Advisory Comments can be included in that section, especially ones that are borderline Formal Requirements. In any event I agree with Morgenthaler in concept—what I call ‘Special” Advisory Comments should be used as sparingly as possible.
V. Form Title Opinion
The Form Opinion (Appendix B) is designed for use in a unit situation but could be adapted to a multi-tract or single tract situation by omitting the working interest summary at the beginning of the opinion. If the Division of Interest is relatively short, it could be incorporated into the opinion as it is in the Long Form example above rather than being set forth in an exhibit.
Little discussion of the Form Opinion is needed because in a sense this paper so far has been talking about nothing else. It should be no surprise that the “Long Form” ownership table from Appendix A is used. Requirements are organized as described in the preceding section. Lease and assignment summaries are in separate exhibits. There is a Table of Contents near the front of the opinion.
The Form Opinion (Appendix B) is a Drilling and Division Order Opinion. If it was strictly a Drilling Title Opinion, the Division of Interest tables could be omitted.
Incidentally, not all examiners will refer to “Division of Interest.” They may say, “Net Revenue Interests,” or simply “NRI.” A Division of Interest table, after all, is a table of consolidated Net Revenue Interests. I prefer to use the term “Division of Interest.” This may be semantics, but semantics are important to lawyers and often to their clients. Division of Interest connotes Division Order, and the purpose of a Division Order is to divide money. Dividing money is something that clients care about a great deal. Title examiners can show their respect for the importance of this task by labeling the table as the “Division of Interest.” Division order analysts will immediately recognize what is being referred to and generally appreciate (if not insist on) the consolidation of this type data in one place in an opinion.
Now let’s return to the question raised earlier in the “Short Form or Long Form?” section of Part III. When dealing with a simple, basic title what is wrong with one of the simpler title opinion formats such as the either of the “Short Form” opinions in Appendix A? Why is consistency so important?
I believe consistency in title opinion format is important for several reasons. The first reason is law firm branding. If the reader is a lawyer, irrespective of whether the lawyer agrees with the recommendations in this paper, or unless the lawyer is a solo practitioner, the lawyer will always be faced with the issue of consistency between the title opinion format that she or he uses and those used by her or his other colleagues in the same law firm, particularly when a common client is being served.
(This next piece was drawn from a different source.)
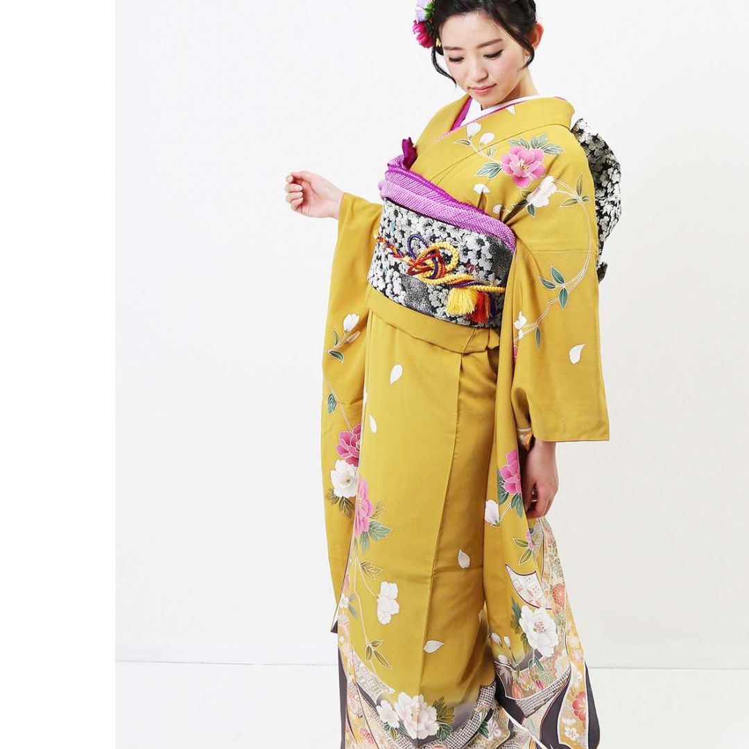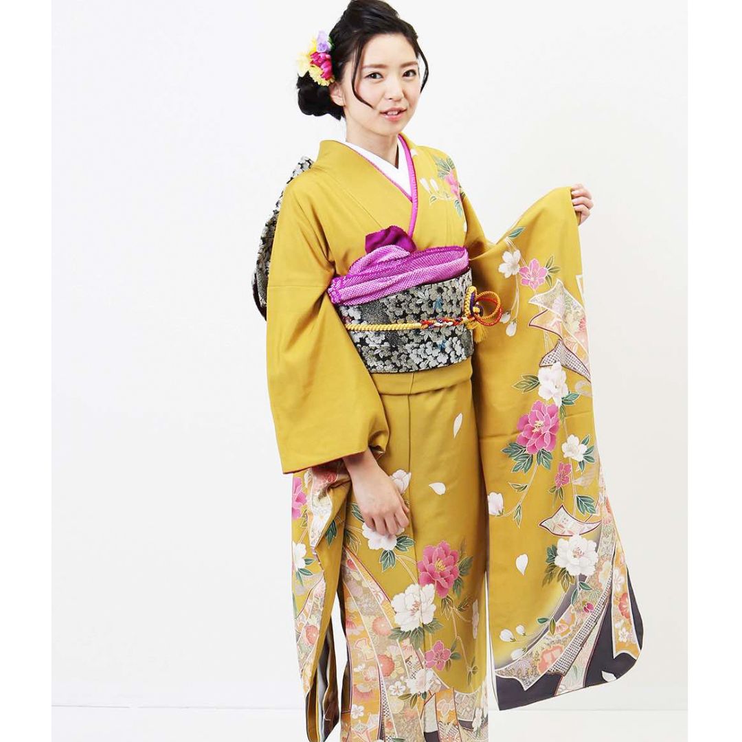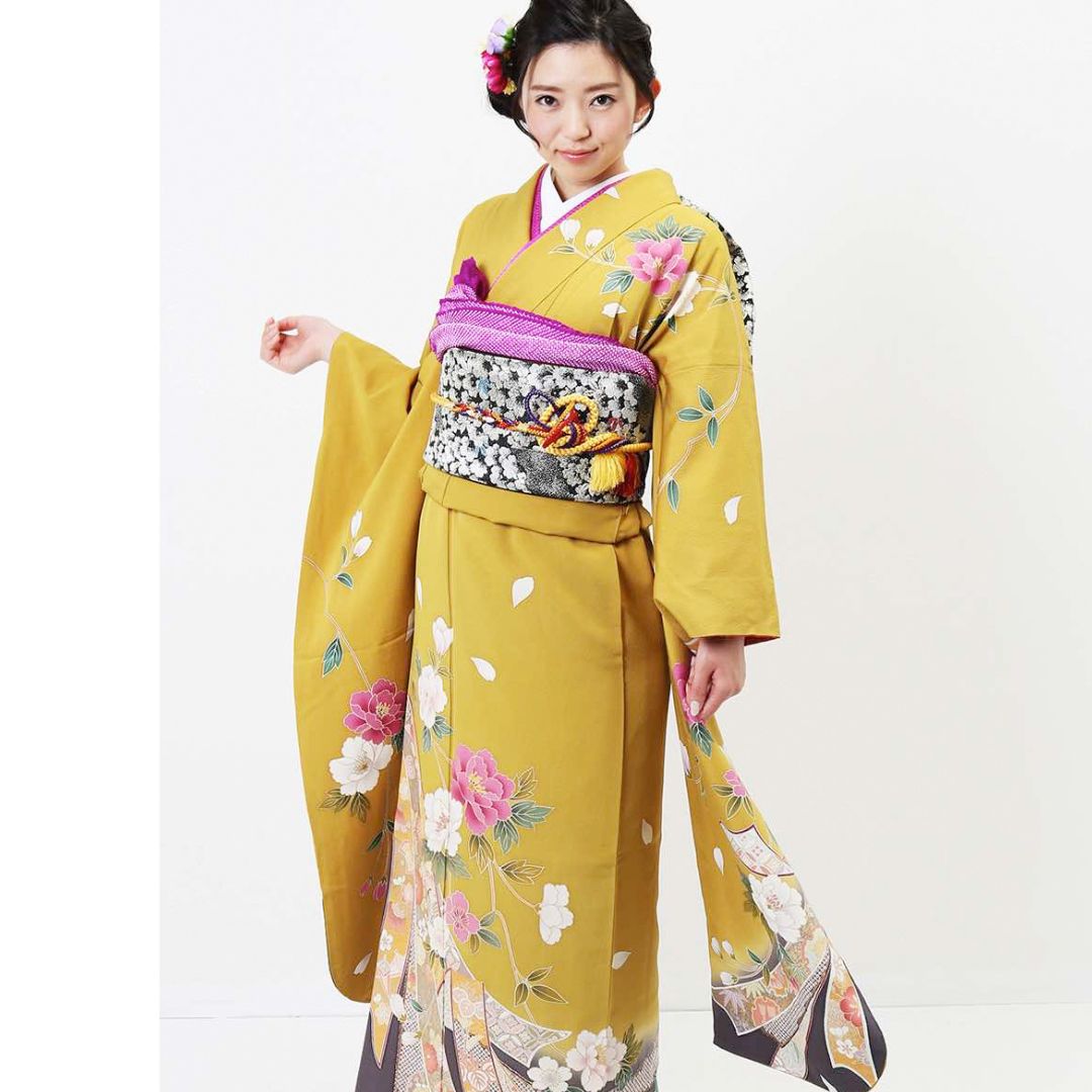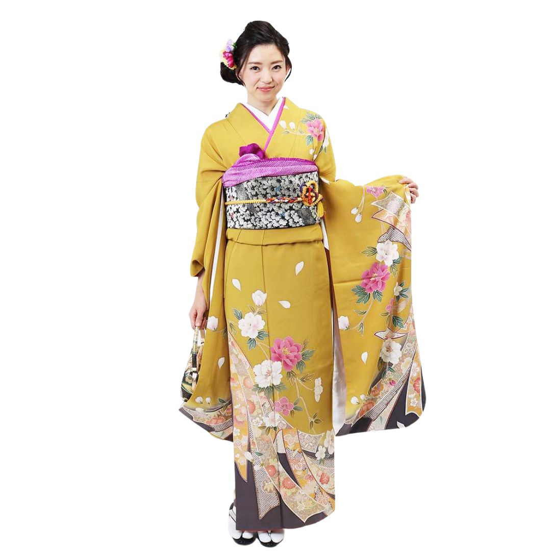 【対応身長155cm~170cm】【ポップ・キュート】【正絹】成人式レンタル振袖フルセット-325 花柄 クール系 定番 古典 ポップキュート 黄色系 グレー系 牡丹 束ね熨斗
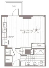 Studio, 1 bath, 524 sqft

There can be no justification for such differences other than inertia, indifference, and simply not taking the time to reconcile. Clients will notice and will have a less favorable impression of the law firm.
Second, consider the opportunity that having a single, firm-wide consistent title opinion template presents. Most lawyers hate having to bother with things as mundane as formatting and structure of documents. Regardless of what you think a “form” title opinion template should look like, find one and stick with it. Then train your paralegals and assistants to become passionate about form, structure, and above all, consistency. Then you can focus less on format, structure and consistency and more on legal analysis and conclusions, which at the end of the day is what you are being paid for by the client.
The Long Form example may have more detail and be more cumbersome in situations involving a very brief title, but it is nevertheless part of the same wardrobe, so to speak, as the Form Opinion (Appendix B). When all these factors are considered—branding, consistency, and leveraging off paralegals and assistants, the longer length of the Long Form example can be rationalized, even when the underlying title is very simple.
The length and scope of a formal “Limitations” section is another feature of title opinions for which there are considerable differences between examiners. Examiners are sometimes accused of overkill when it comes to Limitations sections in title opinions. Morgenthaler39 has a rule that addresses this, Rule No. 13, “Don’t Try to Limit Your Liability.”40 Morgenthaler, however, was talking more about ethical issues that arise when a lawyer seeks to totally evade liability for a title opinion similar to an abstract company. Morgenthaler’s own form opinion examples contain what he calls “Exceptions,” which are the same as Limitations, although admittedly he is more concise than many other examiners might be (including myself) consistent with his overall philosophy.
My own view is that clients rarely read the Limitations section in title opinions, anyway. But if you are going to have a Limitations section, you might as well make it comprehensive. The larger the law firm the more sensitive firm management may be about malpractice exposure when it comes to title opinions. Prudence may suggest use of as expansive a Limitations section as possible consistent with industry practice (but that would be difficult to define given the disparity among examiners). Going too far in a Limitations section can annoy clients. So tailor the Limitations section accordingly, but whatever version you decide upon, use it consistently throughout your firm.